No estaba enojado con ella. Estaba enojado con el mundo, con todas las personas que podrían habernos advertido que usáramos máscaras cuando sabían que deberíamos usar máscaras, con todas las personas que vinieron a la ciudad de Nueva York desde lugares que estaban en crisis de Covid solo porque no estaban experimentando síntomas, con el gobierno que nos hizo luz de gas, con los médicos que me ignoraron y me descartaron, a las personas que, incluso ahora, expresaban un cruel desprecio por la salud y la seguridad de otras personas, a mi cuerpo, a mi cerebro, a mí mismo. Por qué. ¿Por qué no podía simplemente quitar la tapa de un cubo de derretimiento de hielo mientras simplemente explicaba que estaba quitando la tapa de un cubo de derretimiento de hielo? «Necesito unos alicates para quitar esta tapa y poder usarla por la mañana». ¿Qué tan difícil fue eso? ¿Por qué todo era tan confuso e imposible?
«No me gritas», dijo. «Nunca me has espetado. No me levantas la voz. Nunca me has levantado la voz. Este nuevo tú es…
Sentí que me quedaba boquiabierto como un personaje de dibujos animados, y todo lo que vio en mi cara y en mi postura hizo que dejara de hablar.
«Crees que ahora soy una persona diferente».
«¡No!», se acercó a mí. «No, no una persona diferente. Solo una cosa. Tu enojo está tan cerca de la superficie».
«Dijiste ‘nuevo tú'».
Se acercó aún más. – Heather. Solo una cosa. Sigues siendo tú. Heather, escúchame. Mírame. Sigues siendo tú».
Nunca tuve planes, sueños o visiones de casarme. Cuando era niña y mis amigos jugaban a las casitas, fingía que mi marido se había perdido en el mar. Cuando tocamos a la boda, yo interpreté a la «tía Anne borracha». Nunca imaginé el vestido, la iglesia, las flores, las damas de honor, y ciertamente nunca imaginé al novio. Y Stacy tampoco. Mucho antes de que decidiéramos casarnos, ya nos sentíamos casados. Y cuando decidimos casarnos, básicamente parecía un papeleo interminable y una fiesta costosa que inevitablemente nos estresaría a los dos y dejaría al menos a dos tercios de las personas que conocíamos llorando, de una forma u otra. Si alguna otra boda de la que había formado parte era una indicación, al menos.
Estar casado con Stacy parecía lo mejor. Llamándola mi «esposa», usando un anillo de bodas, sin tener que explicar que en realidad no estaba soltera cada vez que marcaba la información de contacto de emergencia en un nuevo médico. Pero tener una boda era imposiblemente desalentador.

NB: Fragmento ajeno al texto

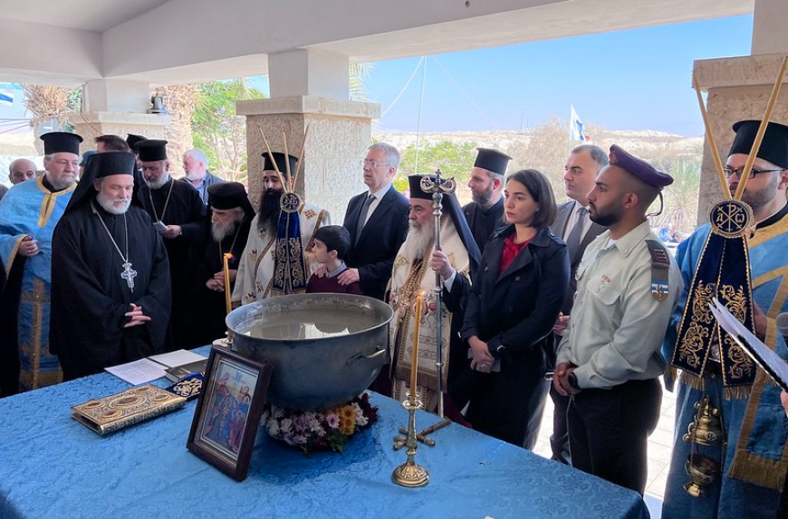 Затем по благословению Начальника Миссии иеромонах Афанасий принял участие в праздничном крестном ходе духовенства Иерусалимской Церкви от монастыря св. Иоанна Предтечи в местечке Каср-эль-Якуд к берегу реки Иордан, где Иерусалимский Патриарх Феофил совершил освящение воды.

Aproximadamente un mes después del cierre de Covid de la ciudad de Nueva York, Stacy y yo vimos un segmento en NY1 donde el gobernador Cuomo explicó una nueva orden ejecutiva llamada Proyecto Cupido que permitiría a las parejas casarse a través de Zoom. Solo tú y tu prometido en un extremo, tu oficiante, tu familia y amigos en diferentes lugares en el otro extremo, y, ¡boom! — Estarías casado. Para casados de verdad. Nos volvimos el uno al otro exactamente al mismo tiempo con la misma mirada en nuestro rostro. Ella dijo: «¿Lo vamos a hacer?» Dije: «¡Lo vamos a hacer!»
Todos esos años de no planear nuestra boda, pero antes de que terminara la noche, pedimos anillos de boda, una pajarita a juego y una corbata normal, un traje nuevo para mí. Navegamos por los pasteles de entrega durante horas. Escribí mis votos. Se lo dijimos a nuestra familia y amigos cercanos. «Prepárense», le dijimos, «finalmente está sucediendo». Esposa, decíamos una y otra vez. Esposa, esposa, esposa. Visita nuestra pagina de Sexshop y ver nuestros productos calientes.
Y entonces empezó mi Covid persistente.